103. The method of claim 98, wherein a level of a nucleic acid sequence selected from the group consisting of SEQ ID NOS: 55, 6, 30, 46, 56, 65, 25, 27, 35, 14, 21, 32, 51, 7, 11, 148 and 4 above the reference threshold indicates a cancer of thyroid carcinoma origin, and further wherein a level of SEQ ID NOS: 17 and 34 above the threshold indicates that the thyroid carcinoma origin is follicular or papillary.
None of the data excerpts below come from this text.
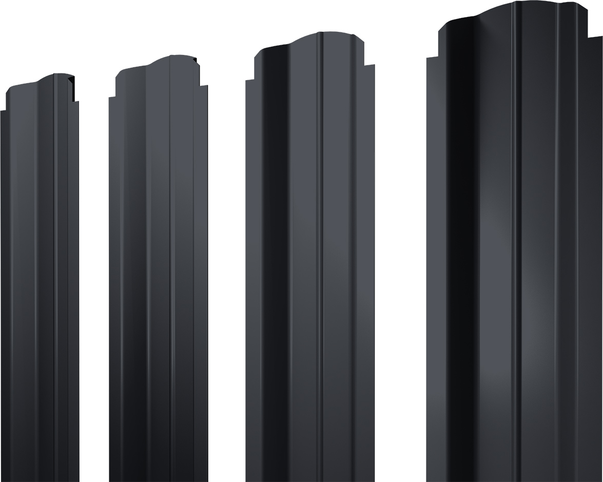 Штакетник П-образный В фигурный — выпуклая во внешнюю сторону форма с канавкой на центральной части. Тем самым у профиля есть ребро жесткости.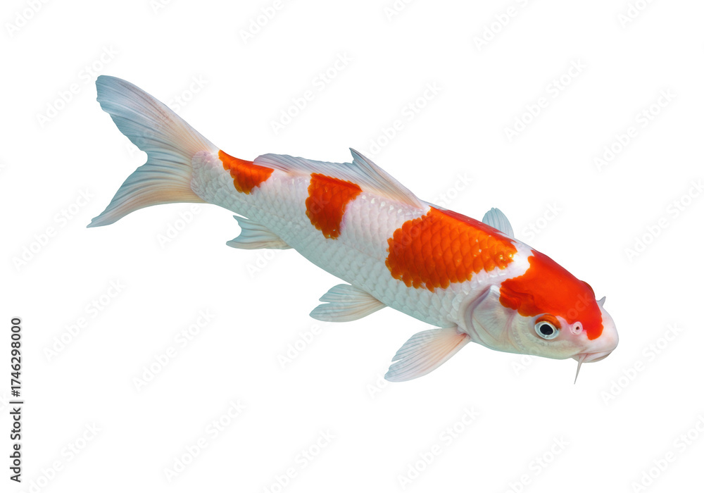 Fototapeta Kohaku Koi fish isolated PNG, white and orange carp swimming on transparent back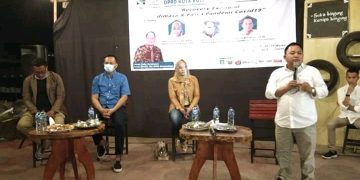 Kegiatan yang berlangsung di Warung Kopi Jarod di Kelurahan Matali ini mengangkat tema “Recovery Ekonomi dimasa dan Pasca Covid-19”, dengan narasumber Kepala Bepelitbangda Kota Kotamobagu Sofyan Mokoginta SH ME, Dekan Fakultas Ekonomi UDK Indah Samuel SE ME MAPPI, dan Pemred BMR Fox Gusman Laeta SE.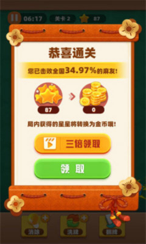 4、在游戏过程中,注意观察麻将的排列,合理安排消除顺序,能有效提高消除效率。思考策略,寻找最佳路径是成功的关键。

104. The method of claim 98, wherein a level of a nucleic acid sequence selected from the group consisting of SEQ ID NOS: 55, 6, 30, 46, 56, 65, 25, 27, 35, 14, 21, 32, 51, 7, 50, 4, 39, 3 and 34 above the reference threshold indicates a cancer of a thymic carcinoma origin; or wherein a level of a nucleic acid sequence selected from the group consisting of SEQ ID NOS: 55, 6, 30, 46, 56, 65, 25, 27, 35, 14, 21, 32, 51, 7, 50, 4, 39, 3, 34, 69, 24 and 44 above the reference threshold indicates a cancer of urothelial cell carcinoma or squamous cell carcinoma origin, and further wherein a level of SEQ ID NOS: 1, 5 and 54 above the reference threshold indicates that the squamous-cell-carcinoma origin is uterine cervix squamous-cell—carcinoma or non-uterine cervix squamous cell carcinoma; or further wherein a level of SEQ ID NOS: 11 and 23 above the reference threshold indicates that the non-uterine cervix squamous cell carcinoma origin is selected from the group consisting of: a) anus or skin squamous cell carcinoma, and b) lung, head & neck, and esophagus squamous cell carcinoma.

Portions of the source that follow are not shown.